A bit more formally, for SHA-1, there is a block cipher, named SHACAL, that takes a 512-bit key and 160-bit block as the input. Then the MD construction uses this block cipher in an iterated mode where the initial values are fixed.
We can also consider this internal block cipher a compression function;
$$c:\{1,0\}^{160}\times\{1,0\}^{512} \to\{1,0\}^{160}$$ As you can see the naming is quite clear, the input space is larger than the output space. Therefore one cannot figure out the actual input message (here the key) without some external knowledge since some of the information is lost.
Also from the hash functions, we also require that
- Bit dependency: each bit of the output is dependent on every bit of input.
- Avalanching: a single bit change in the input must change ≈ half of the bits randomly.
- Non-linearity: prevent from attacking linear systems solving techniques.
- What makes it hard to "back-calculate"?
Consider the last iteration of the internal block cipher for the hash calculation, then given a hash value, and even if the other 160-bit input, you have to find the 512-bit. In other words, you need to break the block cipher. Obviously, you cannot go for the search 512-bit. Even you find some weakness, your problem will be the compression. The compression is not simply a trimming, it requires arithmetic decisions that must be considered carefully. So in short, the non-linearity and compression.
This is also known as the pre-image attack
- given a hash value $h$ find a message $m$ such that $h=\operatorname{Hash}(m)$
and requires $\mathcal{O}(2^n)$ for n-bit output hash functions.
- What about those steps make it collision resistant?
In collision resistance, it should be hard to find two distinct message $m$ and $m'$ such that $\operatorname{Hash}(m) = \operatorname{Hash}(m)$ for computationally bounded adversaries.
Hash collisions are inevitable due to the pigeonhole principle. With Birthday Paradox, we will find a collision with 50% after $\sqrt{n}$ tries. Classical collision attack has $\mathcal{O}(2^{n/2})$ complexity.
Therefore, one of the necessary conditions is the output size, bit dependency, avalanching, and non-linearity are some of the other necessary conditions. We can say there is no sufficient condition since there is no limit on the attack types.

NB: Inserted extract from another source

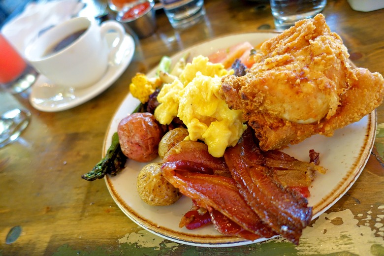 For me though, the space is best enjoyed with one of the best brunches you'll find in New York City. For $38 per person, you can dine on an all-you-can-eat brunch, with two hours of assorted salads, organic smoked salmon, apple-smoked bacon, and a manned carver station. Vegetarian options are also available: organic eggs and grilled and roasted vegetables, as well as yogurt, fruit, and homemade granola. And if you're craving something sweet, feast on never-ending French pastries, freshly baked muffins, or hot waffles. Under the warm summer sunshine, with a live band performing, it's the ultimate way to celebrate the weekend. This truly charming venue perfectly matches all that's great about brunch. Arrive with a large appetite — you'll need to make a lot of room for a true banquet of great food and drinks, including the classic mimosa and Bloody Marys along with signature cocktails like the Gallow Green, made with butterfly-pea-flower-infused vodka, Lillet Blanc, and fresh lemon.
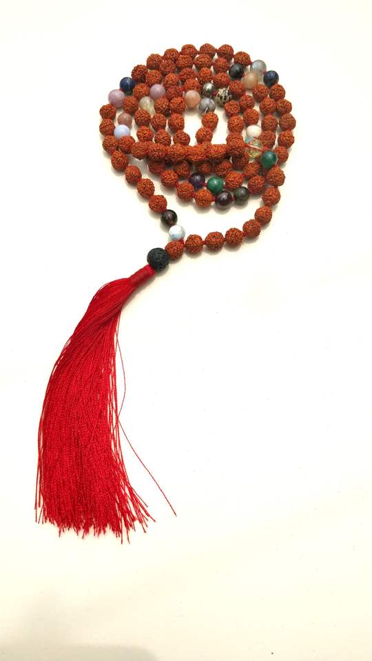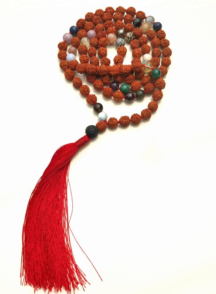 Gema de Rudraksha india, cuentas de Mala espiritual anudadas

And, it turns out that SHA-1 has identical-prefix collision attack
- Why is the process...what it is? Why not some other "random mathematical operations"?

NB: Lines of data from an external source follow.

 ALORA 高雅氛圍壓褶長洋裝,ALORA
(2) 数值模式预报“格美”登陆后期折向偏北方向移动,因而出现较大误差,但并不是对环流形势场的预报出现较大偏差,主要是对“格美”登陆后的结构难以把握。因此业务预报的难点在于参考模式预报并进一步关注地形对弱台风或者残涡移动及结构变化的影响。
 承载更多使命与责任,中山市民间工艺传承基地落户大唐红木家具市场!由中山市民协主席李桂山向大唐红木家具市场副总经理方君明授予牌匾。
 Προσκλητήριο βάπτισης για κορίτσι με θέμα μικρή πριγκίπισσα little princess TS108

Cryptographic constructions do not rely on random processes or selection. We need to evaluate the provided security. We need to analyze the construction according to security requirements. And, the reverse has already shown by examples.
For example; after years of debate on NSA's modification on DES S-Boxes, with carefully crafted researches by Coppersmith we know that we cannot make the DES more secure by choosing the S-boxes, actually, it will become less secure or broken.
“One-Wayness” of SHA 1
A small note for this one;
We know that if there is a one-way function then $\mathcal{P}\neq \mathcal{NP}$. So, the researchers either fail to show one yet or it doesn't exist at all.